Once you reach the line with "搬運賑災物資至馬尼拉經濟文化辦事處" below, copy each line exactly, stopping after the line with "Ankola red sweatpants", and skip any pictures.

• Provided material:
::::::::::

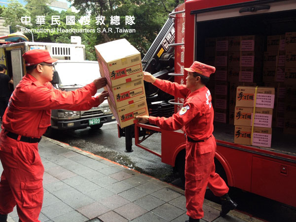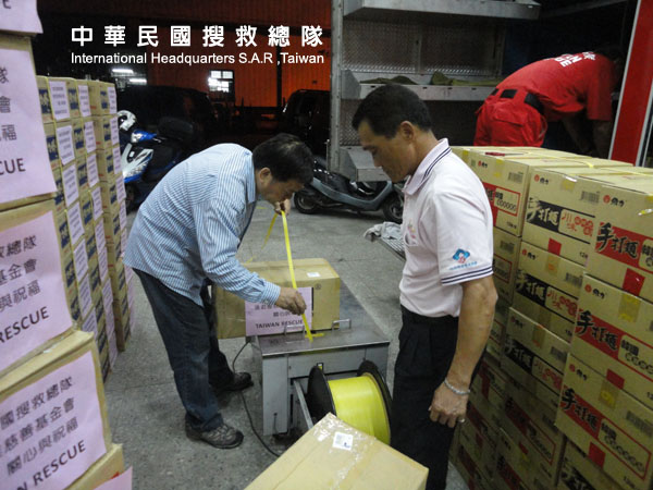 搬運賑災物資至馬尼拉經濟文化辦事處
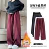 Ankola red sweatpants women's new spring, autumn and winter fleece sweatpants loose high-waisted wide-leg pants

::::::::::

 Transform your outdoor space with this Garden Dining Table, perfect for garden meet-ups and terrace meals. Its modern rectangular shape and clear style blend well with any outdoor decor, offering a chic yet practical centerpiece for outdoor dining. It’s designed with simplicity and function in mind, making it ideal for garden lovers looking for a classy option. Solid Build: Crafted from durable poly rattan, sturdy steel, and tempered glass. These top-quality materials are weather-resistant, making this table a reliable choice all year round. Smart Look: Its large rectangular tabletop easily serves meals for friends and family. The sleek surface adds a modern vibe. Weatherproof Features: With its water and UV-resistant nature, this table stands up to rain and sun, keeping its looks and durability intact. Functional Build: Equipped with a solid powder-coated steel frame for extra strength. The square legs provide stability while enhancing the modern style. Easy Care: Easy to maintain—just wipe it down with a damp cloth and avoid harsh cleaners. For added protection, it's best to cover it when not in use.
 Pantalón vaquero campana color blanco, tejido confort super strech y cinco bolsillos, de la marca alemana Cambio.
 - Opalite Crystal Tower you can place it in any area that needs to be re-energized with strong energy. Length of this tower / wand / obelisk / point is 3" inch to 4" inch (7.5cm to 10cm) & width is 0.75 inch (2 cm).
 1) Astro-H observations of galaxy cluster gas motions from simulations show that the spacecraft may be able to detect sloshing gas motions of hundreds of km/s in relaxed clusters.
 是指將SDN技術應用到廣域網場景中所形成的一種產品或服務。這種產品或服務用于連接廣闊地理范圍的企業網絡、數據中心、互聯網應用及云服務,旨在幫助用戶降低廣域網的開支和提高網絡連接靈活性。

::::::::::

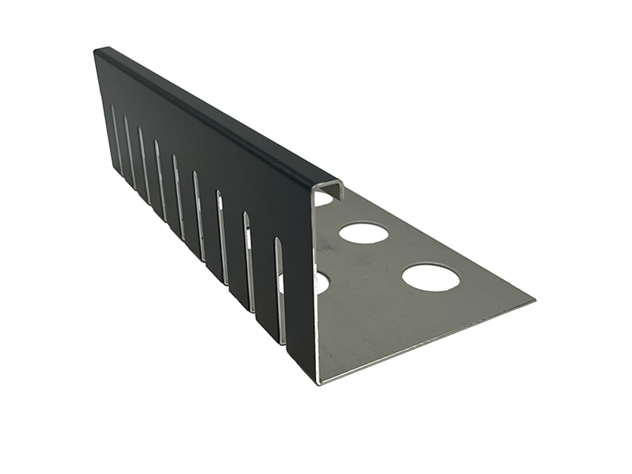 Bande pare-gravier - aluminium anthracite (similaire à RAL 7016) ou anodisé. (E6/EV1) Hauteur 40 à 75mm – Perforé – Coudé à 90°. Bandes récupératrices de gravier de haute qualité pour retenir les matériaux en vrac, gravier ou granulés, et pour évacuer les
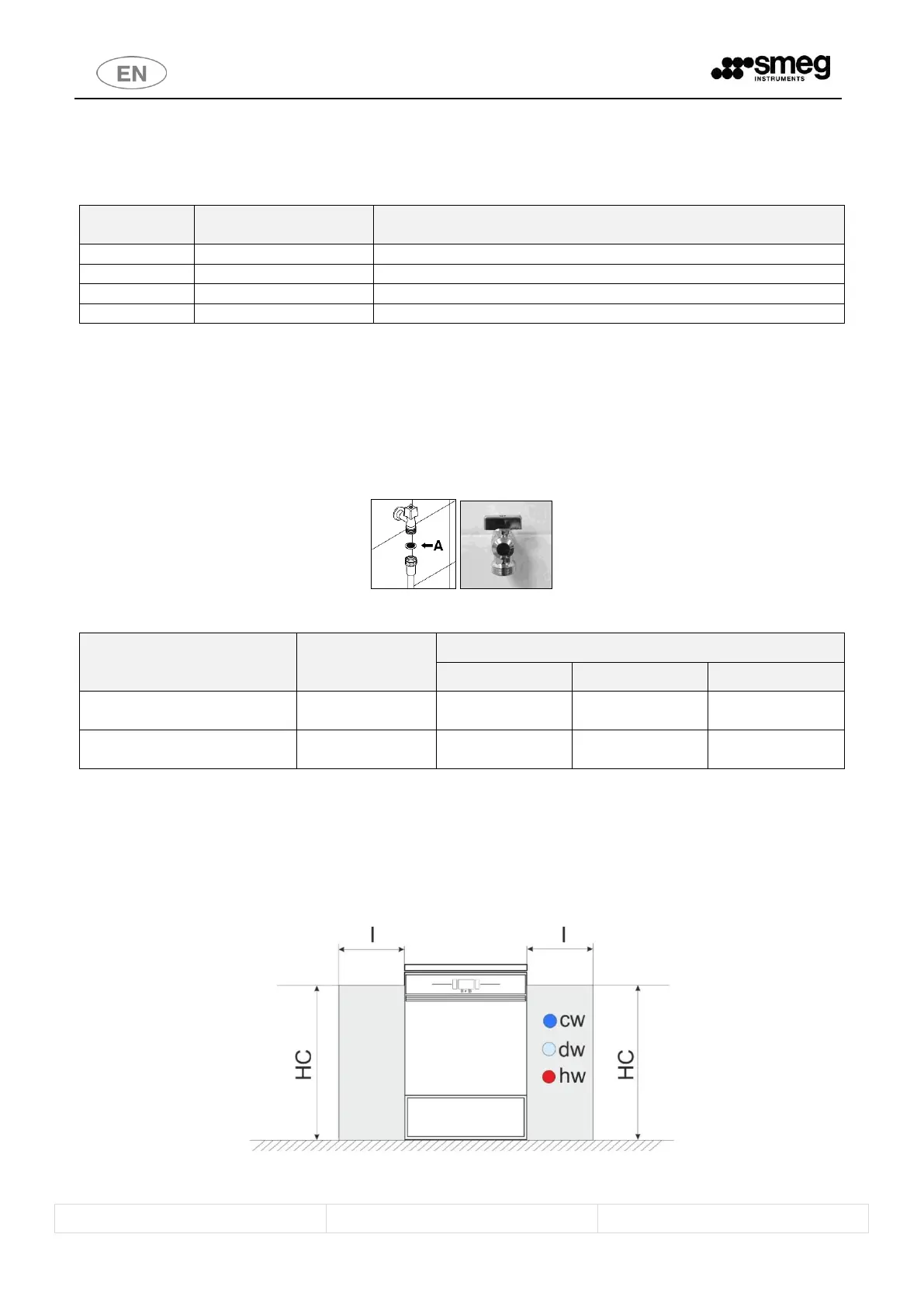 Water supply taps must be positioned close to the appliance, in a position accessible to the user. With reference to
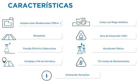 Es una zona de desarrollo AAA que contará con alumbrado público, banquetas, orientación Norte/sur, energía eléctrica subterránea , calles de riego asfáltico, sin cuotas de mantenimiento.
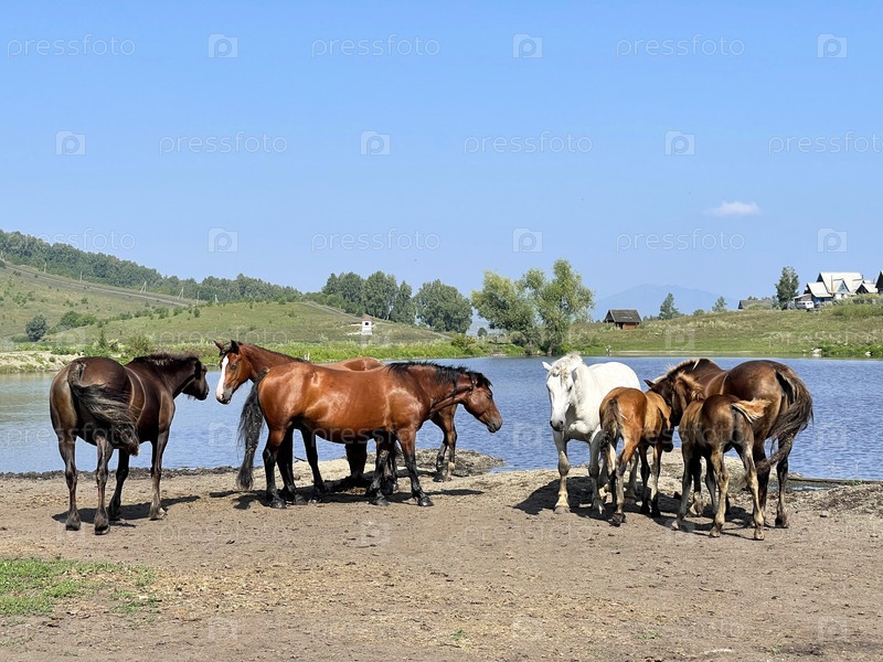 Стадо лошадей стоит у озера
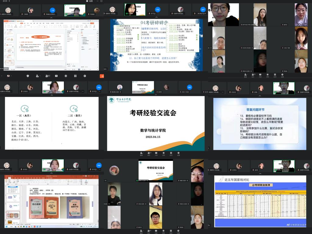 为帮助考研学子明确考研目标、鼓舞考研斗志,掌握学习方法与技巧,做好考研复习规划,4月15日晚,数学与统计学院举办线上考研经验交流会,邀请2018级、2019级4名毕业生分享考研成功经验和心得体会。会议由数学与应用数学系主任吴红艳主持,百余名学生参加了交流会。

::::::::::

• Answer to this problem:
 搬運賑災物資至馬尼拉經濟文化辦事處
 Ankola red sweatpants women's new spring, autumn and winter fleece sweatpants loose high-waisted wide-leg pants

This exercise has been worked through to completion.